Se acomodaron en el salón de la lujosa y amplia oficina de estilo minimalista de Joseph Masslow y pasaron parte de la mañana hablando de los activos de la empresa en Argentina y Brasil. Alex estaba muy contento con el resultado de su viaje y por cómo se posicionaba Mindland en los países del Sur. Además, estaba casi convencido de que la aportación de capital tenía que destinarse a Argentina, ya que mostraba más solidez en todos sus proyectos.
—Por cierto, qué gran hallazgo hiciste en Argentina. ¿Cómo se llama esa chica que ocupará la gerencia? Se me fue el nombre de la cabeza. Joseph se tocó la cabeza.
—Paula Bianchi, papá —respondió, y el solo hecho de pronunciar su nombre le dolió en el alma como una cuchillada.
—¡Exacto, ella! Estoy convencido de que esa chica es una joya, es muy inteligente.
—Sí, es brillante, es increíblemente brillante —corroboró Alex y, de pronto, se sintió orgulloso del talento de Paula. Su padre no se equivocaba.

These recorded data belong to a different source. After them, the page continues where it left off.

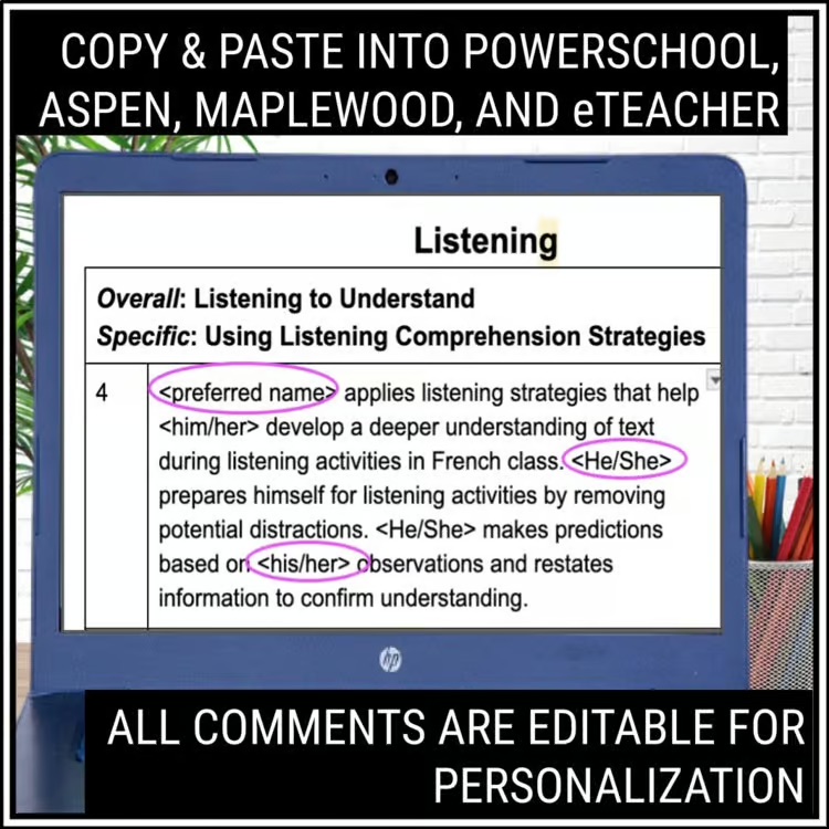 This comment bank was created after we received numerous requests from buyers who liked our CORE FRENCH report card comments.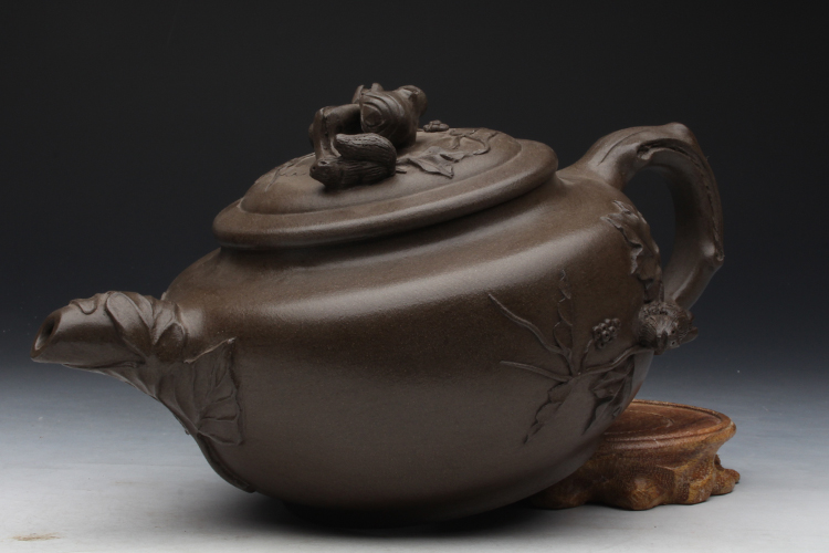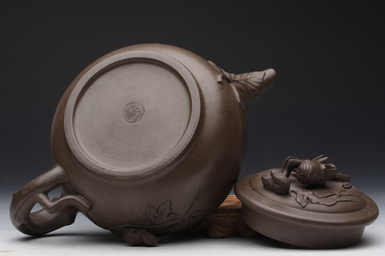 Taiwan Reflux Old Purple Sand Pot Famous master Jiang Rong's early full handmade bean green mud to make squirrel grape pot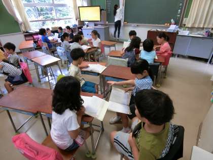 今日の1校時、2年3組の教科「日本語」の学習では、高村光太郎作「あどけない話」を題材に、日本語の響きやリズムを楽しみながら、作品の情景や作者の思いを想像しながら、楽しく取り組んでいました。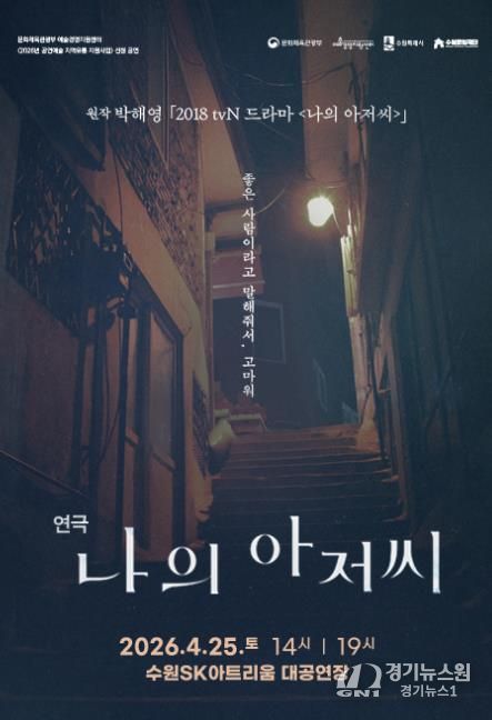 [경기뉴스원/경기뉴스1] | 수원문화재단 수원SK아트리움은 오는 4월 25일, 수많은 시청자의 인생 드라마로 손꼽히는 tvN 드라마 원작의 연극 ‘나의 아저씨’를 대공연장 무대에 올린다고 밝혔다.

—Tengo planes para ella, estoy gestando algo. Ya te contaré.
—¿Planes? ¿A qué te referís?
—No puedo contártelo ahora, ya te enterarás. Dejame ver cómo se desenvuelve ahora que quedará al cargo de la sede argentina y ya te contaré mis propósitos más adelante. Después de lo que elaboró para Chile, la estoy siguiendo muy de cerca. Estoy fascinado con su talento, dada su juventud.
Alex se preguntó qué planes podía tener su padre para Paula. «¡Bah! La mente de papá vuela y la mía hoy está adormecida. No quiero seguir hablando de ella, papá está muy vehemente y, si por él fuera, no pararía de hablar de Paula. Mejor dejo el tema ahí, necesito alejarla de mi mente.»
Pero como una burla del destino, el teléfono de Alex sonó y era Mikel que lo llamaba para hablarle de ella.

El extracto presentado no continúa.